# Archived



## ISeekSolace (Apr 14, 2021)

deleted.


----------



## Hope4us55123 (Jun 1, 2021)

ISeekSolace said:


> I am an Indian and I consider divorce. We have got 2 kids and would want to get shared custody. I work in US. I think about considering interracial relationship after divorce. I have no idea where I would find/meet a native women here and get acquainted and to take it to the next level - relationship and marry then.
> 
> I got a big baggage of not-so +ve things - 2 kids, would be a divorcee, non American, and work in IT industry. I got a decent job and I would be interested in a woman, who loves what she does. I am not sure how I could approach a woman that I like - say a woman works in a Starbucks (Is it weird?) or elsewhere. I live in CA.
> 
> I know this is a strange post and I would answer if you have any questions that could help me or should I give up this idea itself as it could be impossible for me being non American?



Why not put in the same level of effort into fixing your marriage and saving your family than figuring out how to finding the next person? 

I’m sure there are many circumstances where divorce is the first answer. This doesn’t seem like one of those instances.


----------



## DudeInProgress (Jun 10, 2019)

You need to put the horse ahead of the cart.

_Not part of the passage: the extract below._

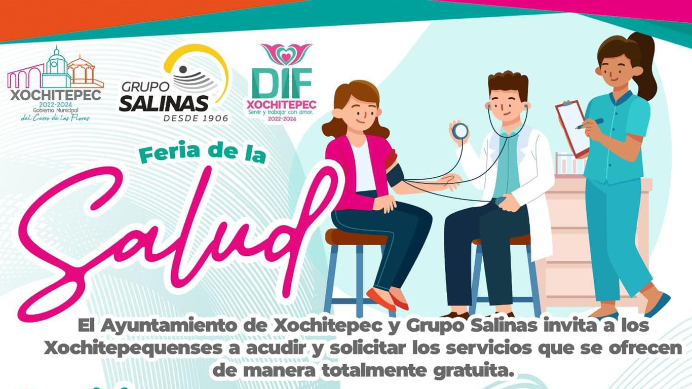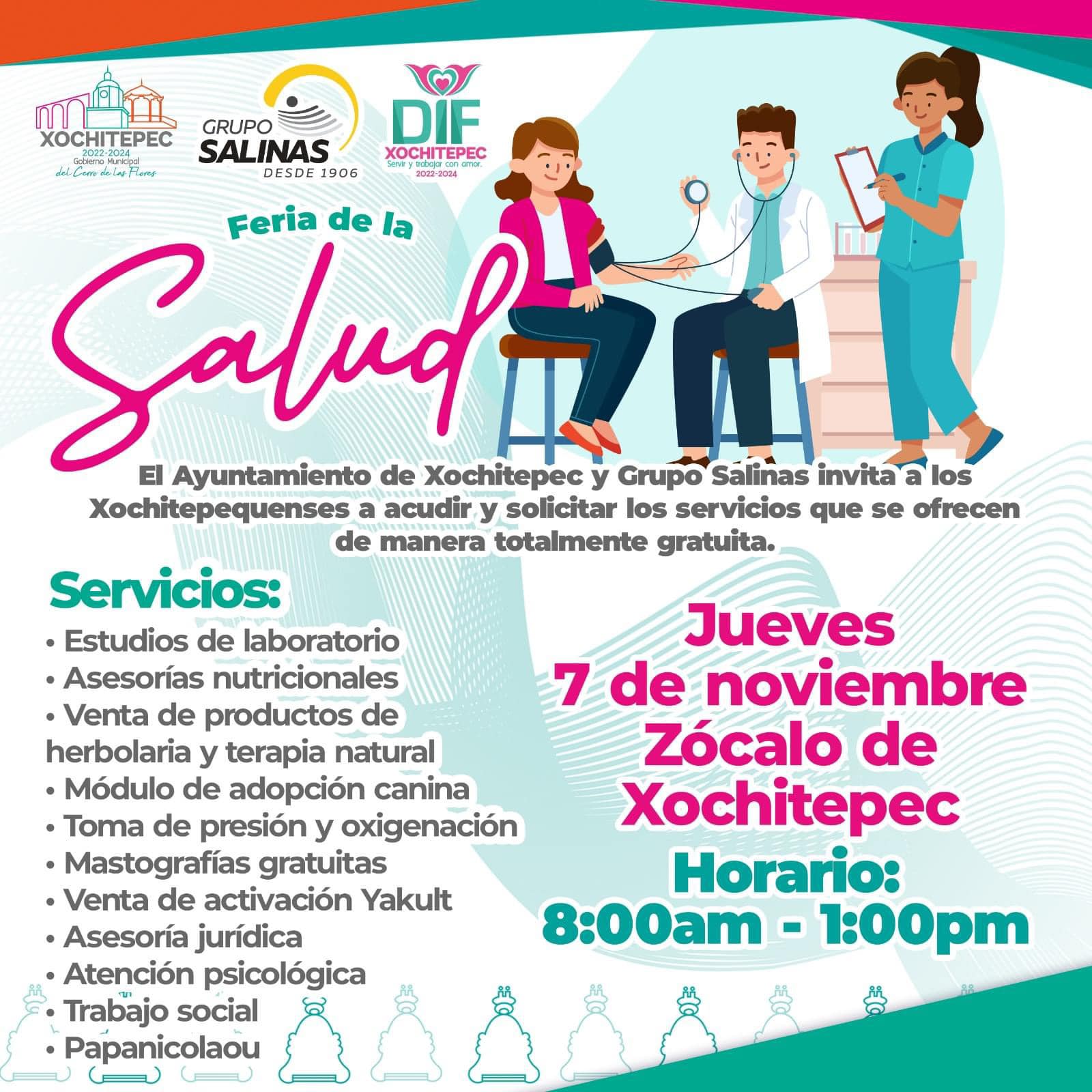 El H. Ayuntamiento de Xochitepec y Grupo Salinas invitan a la comunidad a asistir a la Feria de la Salud, que se llevará a cabo este jueves 7 de noviembre.

Maybe divorce is your best course of action, maybe it’s not. 
Either way, you need to figure out your marital situation, figure out yourself (i.e. continually improving yourself as a man and putting yourself in the best position whether you stay in your marriage or end it. 
And ending a marriage (with children involved) can sometimes be the best course of action, but should never be taken lightly.

Go figure all that out and actually choose a course of action before you worry about the dynamics of a hypothetical next relationship.


----------



## ISeekSolace (Apr 14, 2021)

Hope4us55123 said:


> Why not put in the same level of effort into fixing your marriage and saving your family than figuring out how to finding the next person?
> 
> I’m sure there are many circumstances where divorce is the first answer. This doesn’t seem like one of those instances.


I don't want to fix my marriage anymore as I have moved on from that stage already.


----------



## ISeekSolace (Apr 14, 2021)

DudeInProgress said:


> You need to put the horse ahead of the cart.
> 
> Maybe divorce is your best course of action, maybe it’s not.
> Either way, you need to figure out your marital situation, figure out yourself (i.e. continually improving yourself as a man and putting yourself in the best position whether you stay in your marriage or end it.
> ...


Of course, I should figure out how I can end my current marriage keeping my kids in mind. I await for my wife to get a job to open up the discussion about the separation. So I was just contemplating if anyone would accept me with 2 kids or should I remain single for the kids.


----------



## Diana7 (Apr 19, 2016)

ISeekSolace said:


> Of course, I should figure out how I can end my current marriage keeping my kids in mind. I await for my wife to get a job to open up the discussion about the separation. So I was just contemplating if anyone would accept me with 2 kids or should I remain single for the kids.


So your wife doesn't even know you are wanting a divorce? Why can't you work on the marriage?


----------



## ConanHub (Aug 9, 2013)

Marry a human. It never works with lizards.


----------



## ConanHub (Aug 9, 2013)

ISeekSolace said:


> Of course, I should figure out how I can end my current marriage keeping my kids in mind. I await for my wife to get a job to open up the discussion about the separation. So I was just contemplating if anyone would accept me with 2 kids or should I remain single for the kids.


Stay married. Your odds of getting someone else to marry you aren't good in this barbarian's opinion.


----------



## oldshirt (Apr 1, 2017)

We've put men on the moon so anything is technically possible. 

But you need to keep in mind that the concept of marriage and what it means can be very influenced by culture. Your idea of marriage and relationships etc may be very different from what a single American woman in SoCal thinks is marriage. 

Your expectations of what marriage is and the roles of men and women may be very different that what her expectations are.


----------



## ISeekSolace (Apr 14, 2021)

Diana7 said:


> So your wife doesn't even know you are wanting a divorce? Why can't you work on the marriage?


She just bursts out in anger, when I just even give a hint about it, shouts, leaves the kids with me and gets out of the home. I have not clearly told her that lets proceed for a divorce but she knows implicitly, I guess.

I am waiting for her to agree to come for counseling so we can at least talk out loud and admit our mistakes in front of someone else. I want to go try counseling so as to maintain a calm environment for the kids regardless of the on going issues in our marriage. I would try discussing the idea of separation with her later then.


----------